A monoclonal antibody to alpha(2)-delta-1 revealed intense immunostaining in certain areas of rat brain, spinal cord, dorsal root ganglia, and skeletal muscle, with weaker staining in heart muscle, gut and liver. Little immunostaining was seen in spleen, kidney, thymus and lung. Staining was dense in some regions of the CNS including spinal dorsal horn anterior olfactory nucleus, anterior amygdala, basolateral (ventral)

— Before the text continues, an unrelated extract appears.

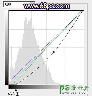 <图12> 4、按Ctrl + Alt + 2 调出高光选区,按Ctrl + Shift + I 反选得到暗部选区,然后创建曲线调整图层,对RGB、绿、蓝通道进行调整,参数及效果如下图。这一步把图片暗部颜色调暗,并增加蓝紫色。

amygdala and cortical amygdala, and the piriform, perirhinal, insular and entorhinal cortices. In hippocampus, staining Daporinad was heterogeneous with greater density in areas of glutamate terminals (mossy fiber endings on CA3 pyramidal cells and perforant path endings on granule cells and CA1 stratum radiatum). Moderate staining occurred in the lateral posterior nucleus of the thalamus, superficial layers of neocortex, periaqueductal CB-839 mw gray, substantia nigra, stria terminalis, nucleus accumbens shell and tegmental nucleus. We propose that areas of dense alpha(2)-delta-1 staining in brain and spinal cord are likely sites of action for the analgesic, anticonvulsant and anxiolytic-like actions of pregabalin and gabapentin in animal models. (C) 2008 IBRO. Published by Elsevier Ltd. All rights reserved.”

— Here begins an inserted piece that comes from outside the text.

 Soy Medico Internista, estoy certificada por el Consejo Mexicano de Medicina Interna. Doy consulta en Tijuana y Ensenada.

“Even though it is generally thought that umami stimuli such as monosodium glutamate (MSG) and sweet stimuli such as sucrose are
detected by different taste receptors, these stimuli appear to share taste qualities when amiloride
(a sodium channel blocker) is present to reduce PD-1/PD-L1 Inhibitor 3 order the sodium taste. Single fiber recording studies of the facial and glossopharyngeal nerves have shown that encoding Of L-2-amino-4-phosphonobutyrate (L-AP4), a potent mGluR4 agonist that elicits a taste quite similar to MSG, may occur in the same fibers that also encode sweet stimuli. This suggests that L-AP4 and sweet substances may activate common receptors or afferent signaling mechanisms. We report results of behavioral experiments that test this hypothesis. In the first study, rats conditioned to avoid sucrose or L-AP4 generalized the aversion to the opposite substance, indicating that both substances elicited similar tastes. However, two taste discrimination experiments showed that rats easily discriminated between sucrose and L-AP4 over a wide range of concentrations, even when the cue function of sodium associated with L-AP4 was reduced by amiloride and neutralized by adding equimolar concentrations of NaCl to sucrose. These data suggest that even though L-AP4 and sucrose elicit similar taste qualities, one or both substances also elicit other taste qualities not shared by the opposite substance. They also suggest that the taste-mGluR4 receptor and the signal pathway activated by L-AP4 are not the same as those activated by sucrose.